Description (incidence and severity):

All macroscopic findings were considered spontaneous and/or incidental because they occurred at a low incidence, were randomly distributed across groups (including concurrent controls), and/or were as expected for Han Wistar rat of this age. Therefore, they were considered not test article-related.
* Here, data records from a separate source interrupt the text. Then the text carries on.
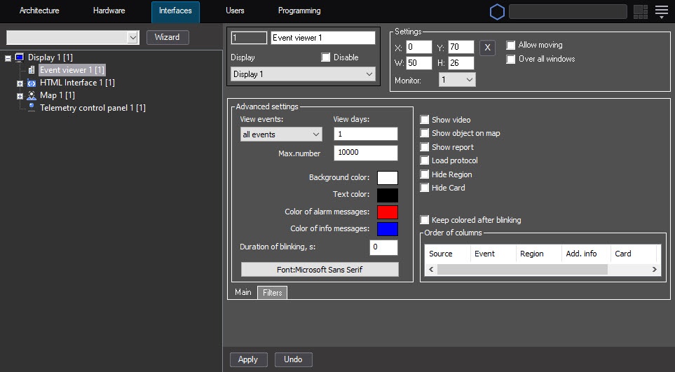 You can create and configure the Event viewer object on the Interfaces tab of the System settings window.
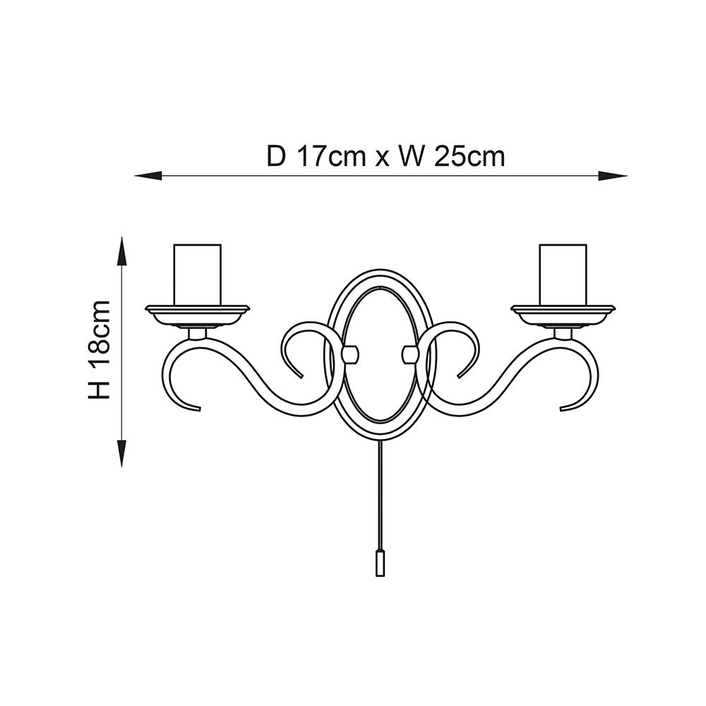 A twin wall light with scrolled arms in antique brass effect finish with pull switch. suitable for use with LED lamps and dimmable. Matching items available.
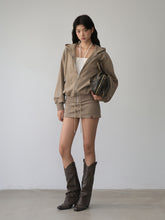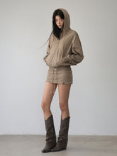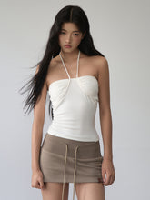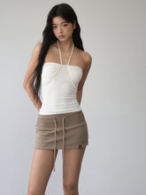 The sweat skirt features three-dimensional tailoring for a short, body-con fit. The extended ribbed elastic waist collides with the drawstring element.
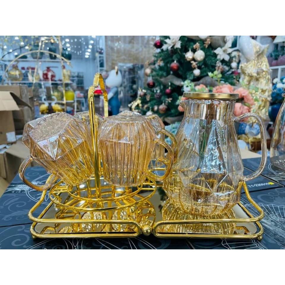 Mô tả Bộ sản phẩm: - Bộ 1 bình + 6 cốc + 1 khay xanh + 1 giá úp cốc - Bình dung tích 1800ml. Nắp inox có zoăng cao su, đảm bảo an

Reproductive function / performance (P0)

Reproductive function: oestrous cycle:

no effects observed

Description (incidence and severity):

Estrous cycles, pre-coital interval, mating performance, fertility and gestation length and index were unaffected by treatment. All females were in diestrus at scheduled termination.

Effect levels (P0)

open allclose all

Target system / organ toxicity (P0)

Results: F1 generation

General toxicity (F1)

Clinical signs:

no effects observed

Dermal irritation (if dermal study):

not examined

Mortality / viability:

no mortality observed

Body weight and weight changes:

no effects observed

Anogenital distance (AGD):

no effects observed

Effect levels (F1)

Target system / organ toxicity (F1)

Overall reproductive toxicity

Applicant's summary and conclusion

Conclusions:

The no-observed-adverse-effect level (NOAEL) for reproductive/developmental toxicity was considered to be 1000 mg/kg/day.

Executive summary:

The oral administration of 1, 5 Pentanediol to Han Wistar rats at doses of 100, 300 or 1000 mg/kg/day was well tolerated, with no treatment-related premature deaths, clinical signs or adverse effects upon motor activity, sensory reactivity, grip strength or food intake. There was no adverse effect on body weight gain, though overall gain (Day 1-35) was 9% lower than control in males receiving 1000 mg/kg/day but without statistical significance. This study included a screen for reproductive/developmental effects and the results obtained were unremarkable.  Estrous cycles, pre-coital interval, gestation length and index, mating performance, fertility, litter size, offspring survival to Day 13 of age, sex ratio and offspring body weight gain were not adversely affected by treatment and there were no treatment-related clinical or macroscopic findings in the offspring. There was no evidence that 1, 5 Pentanediol had any effect on endocrine disruptor relevant endpoints, since circulating levels of T4 and TSH were similar to control in offspring on Day 13 of age and in adult males, there were no changes to organ weights or microscopic findings in endocrine-sensitive organs in adults and in offspring on Day 13 of age there were no effects on nipple development in males or on anogenital distance in either sex. There were no findings at the hematological or biochemical examination of the blood, and there were no treatment-related macroscopic or microscopic findings or changes to organ weights at the end of the treatment period.